● **Task goal**
Leave out any picture and return the remaining listing below exactly as given.

● **Extracted information**
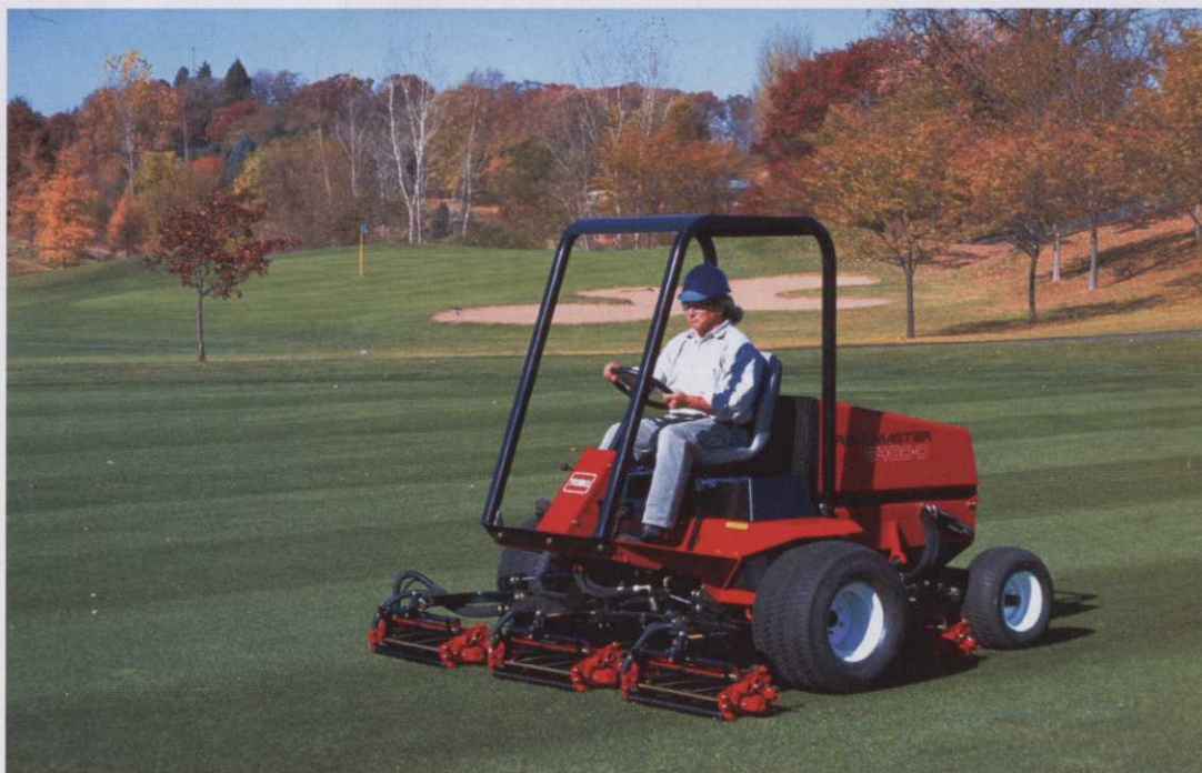
With five 21 inch units, the 2 and 4WD Toro Reelmaster 5200-D and 5400-D can be specified with 5 or 8 bladed 5 inch cylinders. In damp conditions, all-wheel drive can be of benefit, even of a relatively flat fairway

When trailed gang sets first started to be replaced by ride-on fairway mowers, the choice of models on offer was initially limited. Indeed, some of the earliest ride-on models had much in common with the five-gang commercial cylinder models upon which they were based. Fairway mowers have now changed considerably, but the trick still remains in matching the right mower to the job.
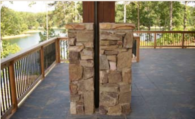
U-channel installed within a mixed column of wood and stone.

Recessed or Standard mount screen installations will incur electrical costs in addition to that of the standard wiring of the structure. The outlets needed for retractable screens have to supply 110v to power the motor, requiring about 1.6 amps per unit. Required power outlets must be installed in or near the roller where the motor is located. A review of the motor control options and home automation interface is also advisable.
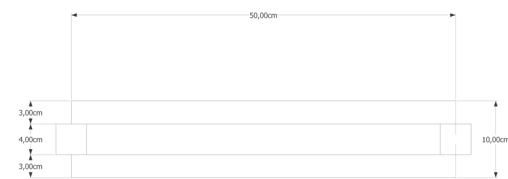
VISTA SUPERIOR ESC 1 : 5
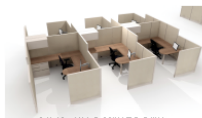
8 X 10 - HI-LO 66" H TO 54" H
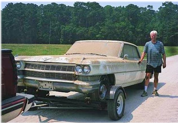
Parts Car from Hertford, NC on July 5, 1999

The idea of bringing in parts cars, dismantling and putting the parts up in dry storage was formed early when I started trying to locate parts for my 1964 Coupe DeVille. I had reluctantly bought the antenna mast for $99 from one of the well-known parts suppliers and determined I could bring in a parts car for a few hundred dollars. Like everything else I did not go about this endeavor half-hearted and had amassed a large collection of parts within a couple of years. It would be easy for me to fill pages about the parts business but will leave that story for another day. This endeavor has been a great source of
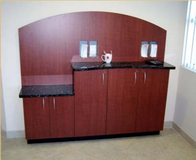
Coffee Bar with storage and brochure display
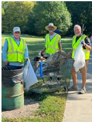
Annual Rotary Rubbish Roundup, May 18 2024.

● **Answer to this task**
With five 21 inch units, the 2 and 4WD Toro Reelmaster 5200-D and 5400-D can be specified with 5 or 8 bladed 5 inch cylinders. In damp conditions, all-wheel drive can be of benefit, even of a relatively flat fairway

When trailed gang sets first started to be replaced by ride-on fairway mowers, the choice of models on offer was initially limited. Indeed, some of the earliest ride-on models had much in common with the five-gang commercial cylinder models upon which they were based. Fairway mowers have now changed considerably, but the trick still remains in matching the right mower to the job.
U-channel installed within a mixed column of wood and stone.

Recessed or Standard mount screen installations will incur electrical costs in addition to that of the standard wiring of the structure. The outlets needed for retractable screens have to supply 110v to power the motor, requiring about 1.6 amps per unit. Required power outlets must be installed in or near the roller where the motor is located. A review of the motor control options and home automation interface is also advisable.
VISTA SUPERIOR ESC 1 : 5
8 X 10 - HI-LO 66" H TO 54" H
Parts Car from Hertford, NC on July 5, 1999

The idea of bringing in parts cars, dismantling and putting the parts up in dry storage was formed early when I started trying to locate parts for my 1964 Coupe DeVille. I had reluctantly bought the antenna mast for $99 from one of the well-known parts suppliers and determined I could bring in a parts car for a few hundred dollars. Like everything else I did not go about this endeavor half-hearted and had amassed a large collection of parts within a couple of years. It would be easy for me to fill pages about the parts business but will leave that story for another day. This endeavor has been a great source of
Coffee Bar with storage and brochure display
Annual Rotary Rubbish Roundup, May 18 2024.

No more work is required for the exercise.